Comments on books I am reading/listening to

Precious Bane

Posted by nliakos on December 4, 2011

by Mary Webb (1924)

I finally bought myself an e-reader (a Nook) last week, and the first book I downloaded (for the whopping price of $0.99) was Precious Bane.  I had already listened to the audiobook twice; it was one of those books I discovered on the audiobook shelves of the Quince Orchard Library here in Montgomery County MD.  (I found it pretty discouraging to look for a particular audiobook; much better to browse the shelves and just pick something that looked good.)  I loved the book the first time I heard it. Then I borrowed it again and enjoyed it just as much the second time. So it looked like a good first download for the Nook.

Precious Bane is the first-person narrative of Prudence (Prue) Sarn of Sarn, in Shropshire, around the turn of the 19th century. Prue has a harelip, and it dictates much about her life, such as how others relate to her (many suspecting her to be a witch) and what her future holds (no marriage). Prue is one of those heroines you can’t help but like because she is so good and at the same time, so real.

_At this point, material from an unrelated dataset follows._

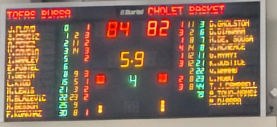 Skorborda bakın, bitime 5.9 saniye var Tofaş 84-82 önde. Mavi Yeşilliler topu kenardan oyuna sokacak. Evet top oyuna sokuldu, ama bir anlık dikkatsizlik topun rakibe geçmesine neden oldu, saliselerin sayıldığı ve taraftarların nefeslerini tutarak izlediği pozisyonda Cholet'li oyuncunun attığı top potayı buldu, ama çemberin içinden geçmedi. Basketbolda bitiş düdüğü çalmadan hiçbir şeyin garantisi olmadığını bir kez daha görmüş olduk.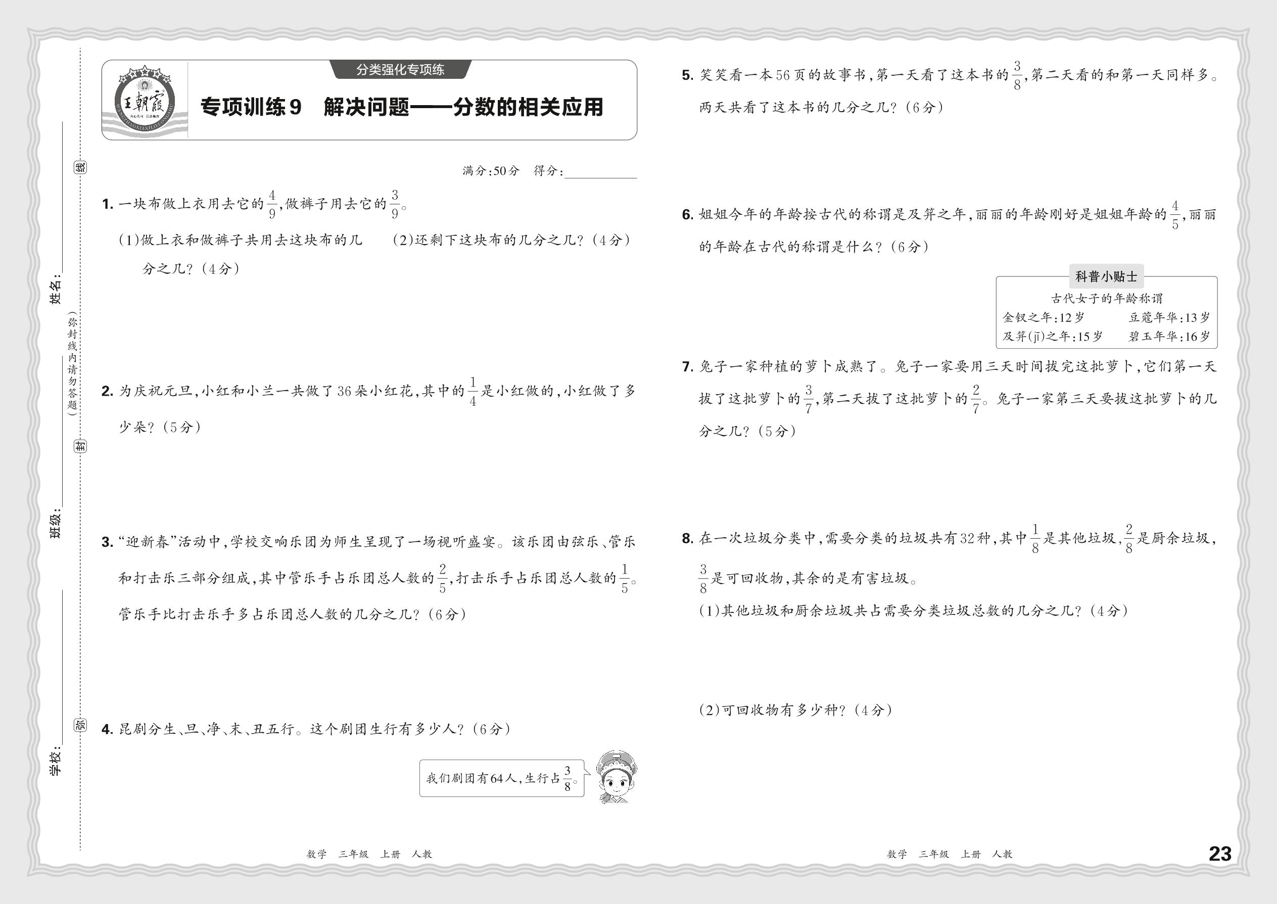 2023秋上册三年级数学人教版 期末专项·解决问题——分数的相关应用【9】

The book is written in Shropshire dialect, so a reader must guess at a lot of the meanings of words in context (a mere is a pond or lake; hiver-hover is apparently something like dilly-dally; etc.) and recognize different spellings and pronunciations of other words (wrostle for wrestle, summat for something, munna for mustn’t, etc.). I never did figure out what leasing meant in the context I found it here. But no matter. The dialect is just one of the charms of the story of Prue Sarn. The reader will consider the situation of people with disabilities (perhaps that is the wrong word for Prue’s harelip, which doesn’t seem to impede her eating, drinking, or speaking, and certainly not working; but it was certainly a social handicap for her), the “sport” of bull-baiting, the daily lives of people  and animals living in rural Shropshire at that time, relationships between the local gentry and the farmers and between men and women.  The description of the grain harvest (“love-carriage”) is so vivid that you feel as if you were right there, participating in the work and the festivities. The characters are varied and real: not only Prue, but her mother and her brother Gideon, driven by his desire for wealth and position; beautiful Jancis Beguildy and her father, the would-be wizard; simple Tivvy, the Sexton’s daughter; the horrible Mister Grimble and Mister Huglet; the courageous, kind and handsome weaver, Kester Woodseaves.

Even on the third read, it was hard to put the book down. It has everything you could ask for in a novel: joy, grief, crime, courage,  hate, and love. I’m trying not to spoil it for anyone who hasn’t read it yet, so I won’t be more specific than that. Suffice it to say that it has become one of my favorite books.